Et maintenant qu’après sept romans vous êtes déjà un écrivain professionnel, vous sentez-vous moins dépaysé dans le monde ou cela n’arrive-t-il que lorsque vous écrivez ?
Oui, je me sens moins dépaysé et moins mal à l’aise, parce que, d’une certaine manière, je suis accepté. C’est comme ‘cette personne est bizarre et écrit des livres bizarres mais je ne vais pas la juger parce qu’elle est comme ça’ (rires).
Et craignez-vous que le fait d’être moins mal à l’aise avec le monde diminue votre capacité créatrice ?
La logique serait de penser que si je suis plus à l’aise, je n’ai pas besoin d’écrire. Ce qui se passe, c’est que dans mon cas, l’écriture est étroitement liée au plaisir, et cela ne disparaîtra jamais. J’aime beaucoup écrire et ce que j’aime le plus, c’est l’imprévisibilité, quand on ne sait pas où va l’histoire et qu’on prend le chemin le plus inattendu.
« La littérature espagnole devrait être imprévisible, comme l’est la littérature latino-américaine »
Avez-vous passé beaucoup de temps à créer votre univers formel et stylistique ?
Non, c’était une rupture radicale. Depuis l’âge de douze ans, je voulais être écrivain et j’écrivais mes romans et c’était très difficile pour moi d’être sérieux. J’ai lu des romans réalistes et j’ai essayé de les imiter, mais je n’ai rien compris… Tout a changé quand j’ai lu « Duluth », de Gore Vidal. J’ai essayé de faire le même roman à ma manière et le résultat a été « Welcome to Welcome », qui est presque identique. Cela, combiné à « Ask the Dust » de John Fante et à la découverte de son alter ego (Arturo Bandini), a provoqué un court-circuit en moi et j’ai commencé à écrire avec tout ce que j’avais accumulé.
Il n’a jamais caché ses références…
Pour rien. Philip K. Dick, Douglas Adams, Stephen King, Kurt Vonnegut, David Foster Wallace… Je ne fais pas confiance aux gens qui cachent des cartes. La littérature se vit avec passion ou pas du tout.
Pas d’auteur espagnol ?
Cervantès, bien sûr. Mais je m’en suis rendu compte plus tard. J’ai réalisé que tous les écrivains que j’admirais essayaient d’écrire des romans de Cervantes. Ils sont restés avec la partie postmoderne de « Don Quichotte », la fiction dans la fiction, la personne malade de littérature, la structure formelle… J’avais incorporé cela d’eux, mais cela venait d’un roman espagnol et, bien sûr, j’ai halluciné. . Et puis je me suis demandé ce qu’était devenue la littérature espagnole par la suite. Je ne dis pas qu’il n’y a pas eu de romans ambitieux. Il y a Fernández Mallo, Manuel Vilas, « El día del Watusi » de Francisco Casavella, « S’ils te disent que je suis tombé » de Juan Marsé… Mais en général, cela a été quelque chose d’effrayant, domestiqué, prévisible.
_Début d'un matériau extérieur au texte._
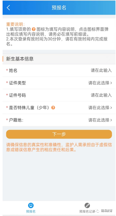 在功能菜单点击预报名,进入新生基本信息填写页面,填写新生基本信息。新生的基本信息包括姓名、身份证类型、身份证号、是否特殊儿童(少年)和户籍地。在“预报名”页面,输入新生的姓名,选择新生身份证类型,填写新生的身份证号码,选择是否特殊儿童(少年),选择户籍地。如下图所示。

Et d’où pensez-vous que vient cette peur ?
Eh bien, je ne sais pas, mais nous devrions honorer Don Quichotte à tout moment et être ambitieux comme l’était Cervantes. La littérature espagnole devrait être un animal sauvage imprévisible. Et je pense que c’est le cas chaque fois qu’ils le permettent. C’est pourquoi les éditeurs ont également la responsabilité de ne pas récompenser ce qui est prévisible. Et encore plus en prenant l’exemple de la littérature latino-américaine, qui est quelque chose d’imprévisible et de très vivant. Chez nous, vous allez à la librairie et vous commencez à courir.